Читаем Creeps by Night: Chills and Thrills полностью

We were both silent for a moment. It was hard not to show more curiosity than sympathy as I waited on some further revelation to stake out my uncle’s claim on the latter emotion. I could put no interpretation on those two dead sheep wild enough to account for his evident distress.

He spoke again, but with obvious reluctance.

“Another was killed early this morning,” he said in a low voice, “on the Home Farm. In the same way.”

For lack of any better comment, I suggested heating the nearby coverts. There might be some—

“We’ve scoured the woods,” interrupted my uncle brusquely.

“And found nothing?”

“Nothing... Except some tracks.”

“What sort of tracks?”

My uncle’s eyes were suddenly evasive. He turned his head away.

“They were a man’s tracks,” he said slowly. A log fell over in the fireplace.

Again a silence. The interview appeared to be causing him pain rather than relief. I decided that the situation could lose nothing through the frank expression of my curiosity. Plucking up courage, I asked him roundly what cause he had to be upset? Three sheep, the property of his tenants, had died deaths which, though certainly unusual, were unlikely to remain for long mysterious. Their destroyer, whatever it was, would inevitably be caught, killed, or driven away in the course of the next few days. The loss of another sheep or two was the worst he had to fear.

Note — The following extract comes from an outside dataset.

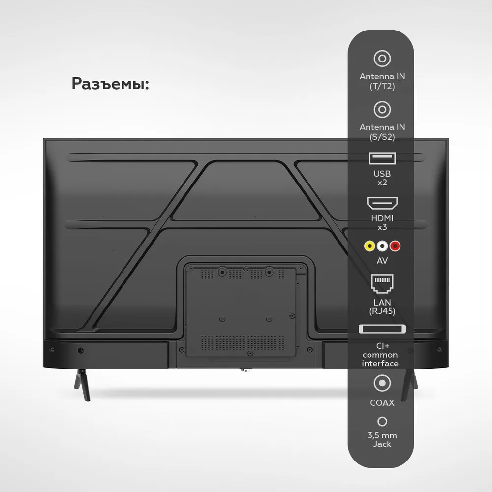 Интерфейсы и разъемы: Беспроводные интерфейсы: Wi-Fi, Bluetooth: Число портов HDMI: 3: Интерфейсы: HDMI, USB, RJ-45 (Ethernet), Композитный, 3.5 мм, CI+: Количество разъемов USB: 2: Габариты и вес: Стандарт крепления VESA: 100x100 мм: Размеры, мм: 892 x 560 x 246: Ширина, см: 89: Высота, см: 51.2: Размер без подставки (ШxВxГ), мм: 892 х 504 х 72: Вес товара, г: 4700: Память: Оперативная память: 1 ГБ: Объем встроенной памяти: 8 ГБ: Экран: Диагональ экрана, дюймы: 40: Разрешение: 1920x1080 Full HD: Тип подсветки: Direct LED: Частота обновления: 60 Гц: Диагональ экрана, см: 101.6: Изогнутый экран: Нет: Стандарт разрешения: Full HD: Технология HDR: Нет: Функции: Smart TV: Да: Операционная система ТВ: Салют ТВ: ТВ-тюнер: DVB-C, DVB-T, DVB-T2, DVB-S2: Встроенный медиаплеер: Да: Управление телевизором: Пульт ДУ: Звук: Мощность аудиосистемы, Вт: 16: Сабвуфер: Нет: Цвет: Черный, черный матовый: Интерьерный телевизор: Нет: Мощность, Вт: 65: Страна-изготовитель: Китай;;

When I had finished, my uncle gave me an anxious, almost a guilty look. I was suddenly aware that he had a confession to make.

“Sit down,” he said. “I wish to tell you something.”

This is what he told me:

A quarter of a century ago, my uncle had had occasion to engage a new housekeeper. With the blend of fatalism and sloth which is the foundation of the bachelor’s attitude to the servant problem, he took on the first applicant. She was a tall, black, slant-eyed woman from the Welsh border, aged about 30. My uncle said nothing about her character, but described her as having “powers.” When she had been at Fleer some months, my uncle began to notice her, instead of taking her for granted. She was not averse to being noticed.

One day she came and told my uncle that she was with child by him. He took it calmly enough till he found that she expected him to marry her; or pretended to expect it. Then he flew into a rage, called her a whore, and told her she must leave the house as soon as the child was born. Instead of breaking down, or continuing the scene, she began to croon to herself in Welsh, looking at him sideways with a certain amusement. This frightened him. He forbade her to come near him again, had her things moved into an unused wing of the castle, and engaged another housekeeper.

A child was born, and they came and told my uncle that the woman was going to die; she asked for him continually, they said. As much frightened as distressed, he went through passages long unfamiliar to her room. When the woman saw him, she began to gabble in a preoccupied kind of way, looking at him all the time, as if she were repeating a lesson. Then she stopped, and asked that he should be shown the child.

It was a boy. The midwife, my uncle noticed, handled it with a reluctance almost amounting to disgust.

“That is your heir,” said the dying woman, in a harsh, unstable voice. “I have told him what he is to do. He will be a good son to me, and jealous of his birthright.” And she went off, my uncle said, into a wild yet cogent rigmarole about a curse, embodied in the child, which would fall on any whom he made his heir over the bastard’s head. At last her voice trailed away and she fell back, exhausted and staring.

As my uncle turned to go, the midwife whispered to him to look at the child’s hands. Gently unclasping the podgy, futile little fists, she showed him that on each hand the third finger was longer than the second...

Here I interrupted. The story had a certain queer force behind it, perhaps from its obvious effect on the teller. My uncle feared and hated the things he was saying.

“What did that mean?” I asked; “—the third finger longer than the second?”

“It took me a long time to discover,” replied my uncle. “My own servants, when they saw I did not know, would not tell me. But at last I found out through the doctor, who had it from an old woman in the village. People born with their third finger longer than their second become werewolves. At least” (he made a perfunctory effort at amused indulgence) “that is what the common people here think.”

“And what does that — what is that supposed to mean?” I, too, found myself throwing rather hasty sops to skepticism. I was growing strangely credulous.